• [Task objective] Return only the lines of the listing below that run from the line with "A stylish double-door" through the line with "IT之家查询获悉,QQ 音乐鸿蒙版更新至 2.0.0.8", both ends included, exactly as written.

• [Record excerpts]
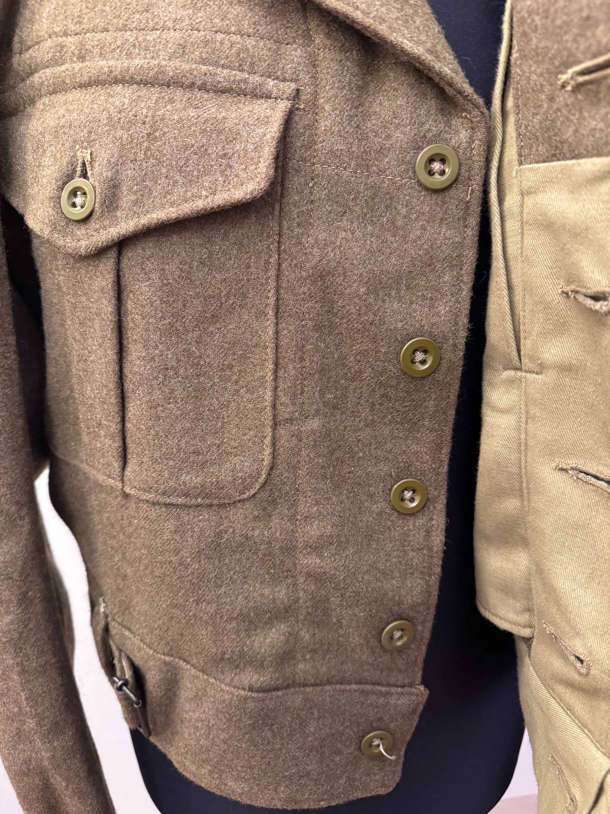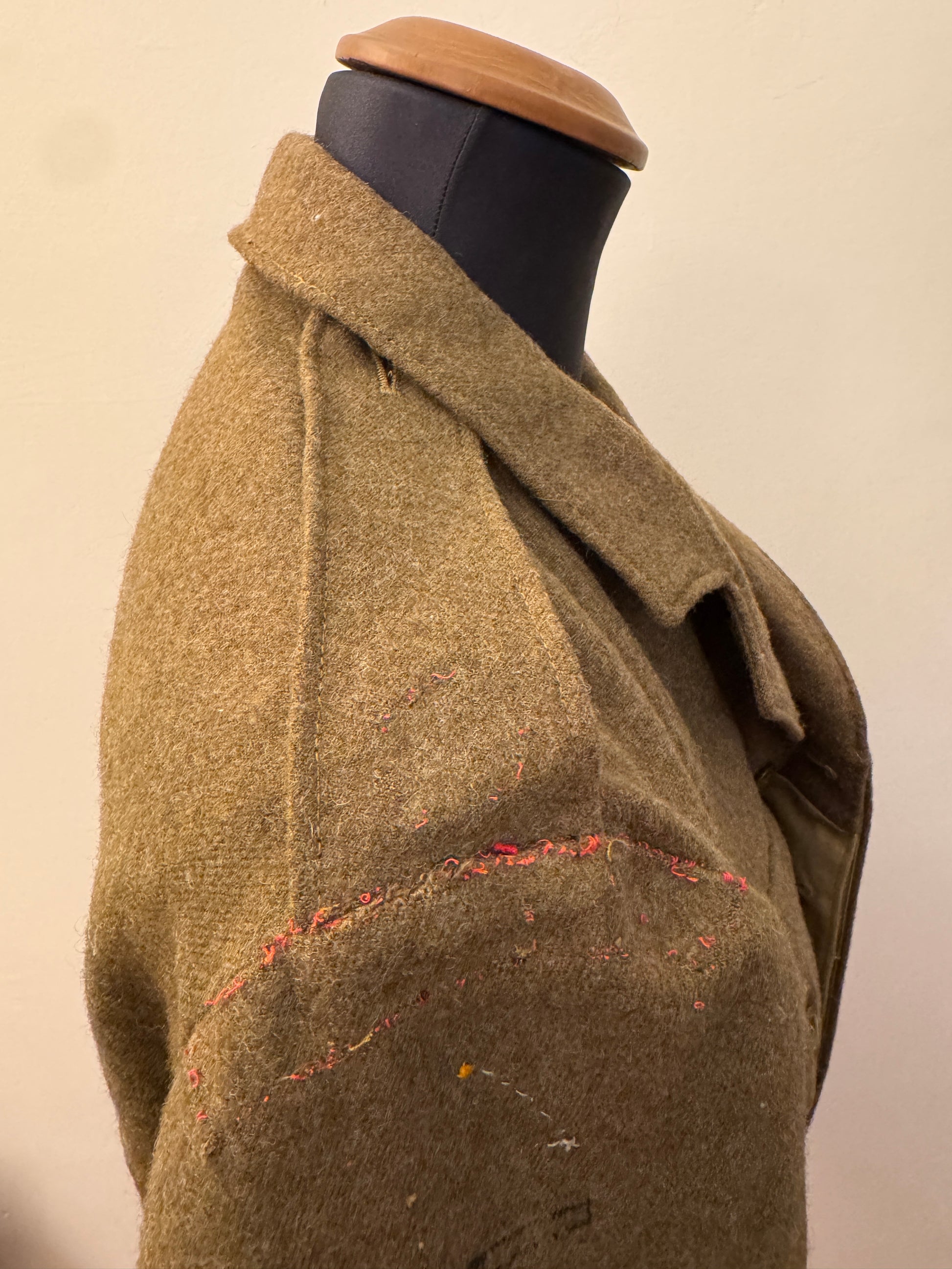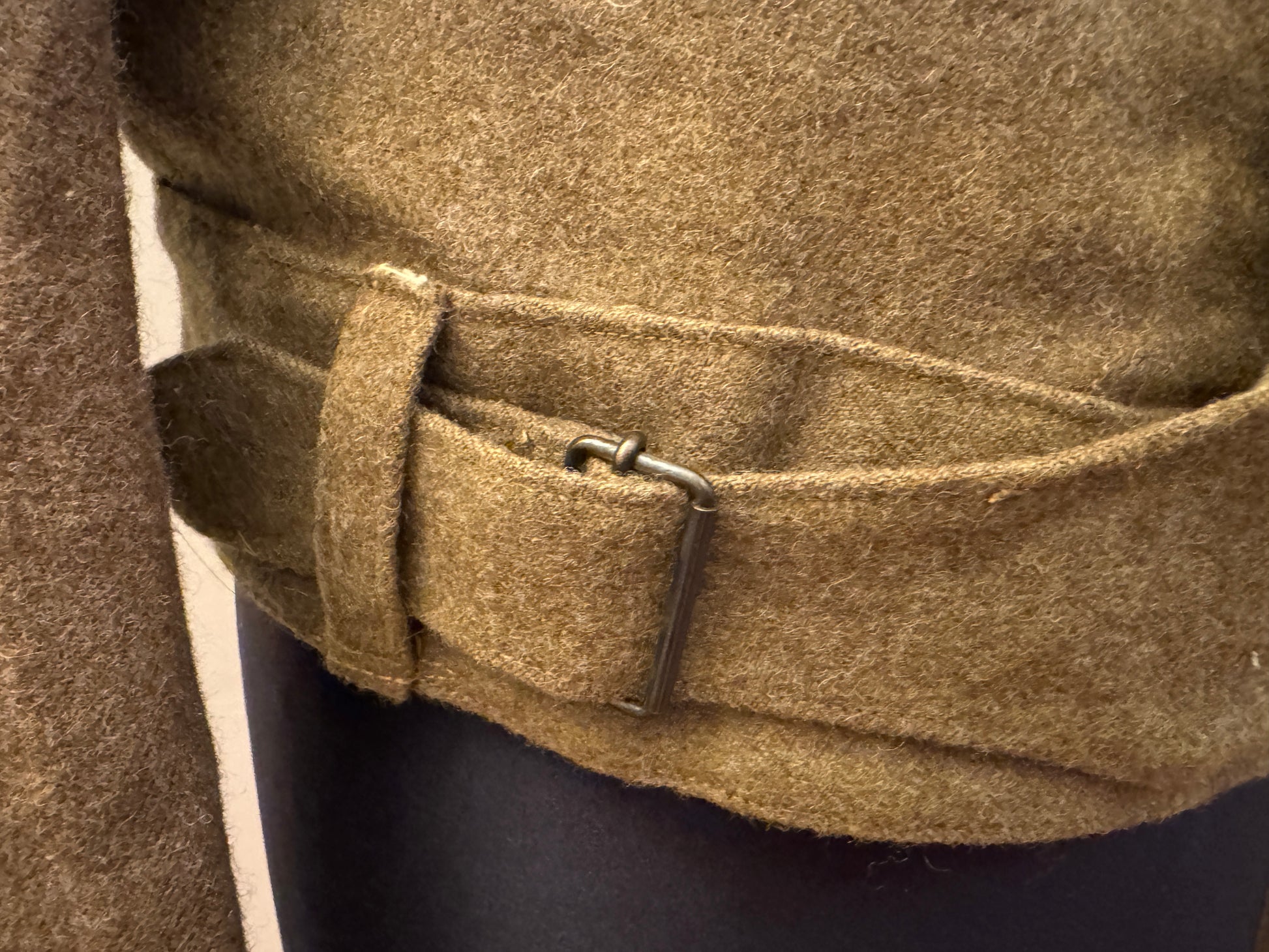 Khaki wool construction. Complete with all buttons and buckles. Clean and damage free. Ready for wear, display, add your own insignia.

==

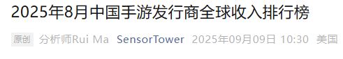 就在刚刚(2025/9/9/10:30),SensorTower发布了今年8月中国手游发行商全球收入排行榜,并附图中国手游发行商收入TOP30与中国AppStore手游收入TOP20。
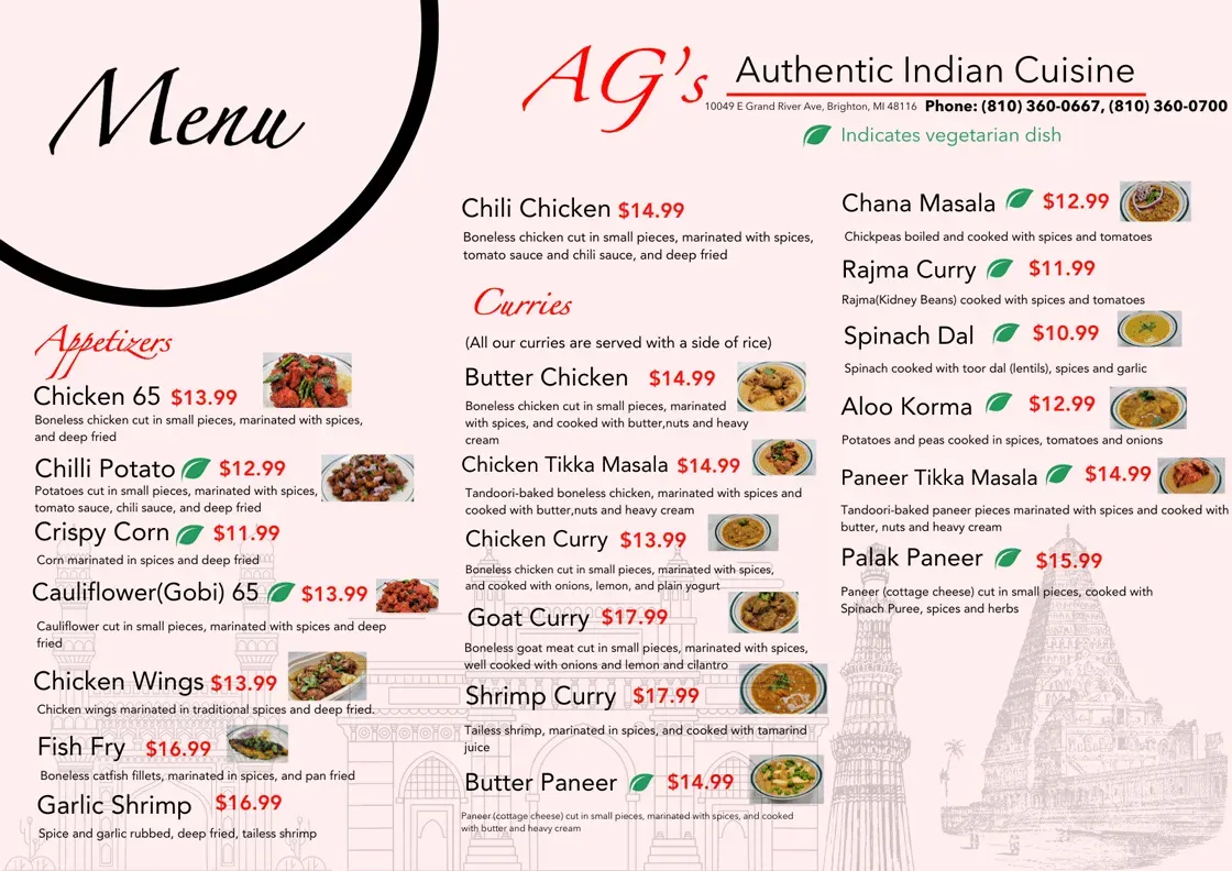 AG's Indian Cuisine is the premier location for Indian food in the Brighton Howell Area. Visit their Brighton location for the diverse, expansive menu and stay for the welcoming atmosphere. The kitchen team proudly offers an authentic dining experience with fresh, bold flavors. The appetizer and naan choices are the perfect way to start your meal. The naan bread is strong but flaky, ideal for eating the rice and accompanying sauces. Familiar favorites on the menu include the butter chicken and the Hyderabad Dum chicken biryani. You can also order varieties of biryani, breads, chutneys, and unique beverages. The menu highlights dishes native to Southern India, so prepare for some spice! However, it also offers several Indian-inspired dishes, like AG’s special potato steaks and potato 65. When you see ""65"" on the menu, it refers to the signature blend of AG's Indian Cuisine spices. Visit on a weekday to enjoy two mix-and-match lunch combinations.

--

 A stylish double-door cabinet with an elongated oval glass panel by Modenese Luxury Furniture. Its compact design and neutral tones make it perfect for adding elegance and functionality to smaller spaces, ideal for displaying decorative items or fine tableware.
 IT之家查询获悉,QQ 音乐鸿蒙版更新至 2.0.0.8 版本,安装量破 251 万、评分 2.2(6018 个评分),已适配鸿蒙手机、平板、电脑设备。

• [Exercise response]
 A stylish double-door cabinet with an elongated oval glass panel by Modenese Luxury Furniture. Its compact design and neutral tones make it perfect for adding elegance and functionality to smaller spaces, ideal for displaying decorative items or fine tableware.
 IT之家查询获悉,QQ 音乐鸿蒙版更新至 2.0.0.8 版本,安装量破 251 万、评分 2.2(6018 个评分),已适配鸿蒙手机、平板、电脑设备。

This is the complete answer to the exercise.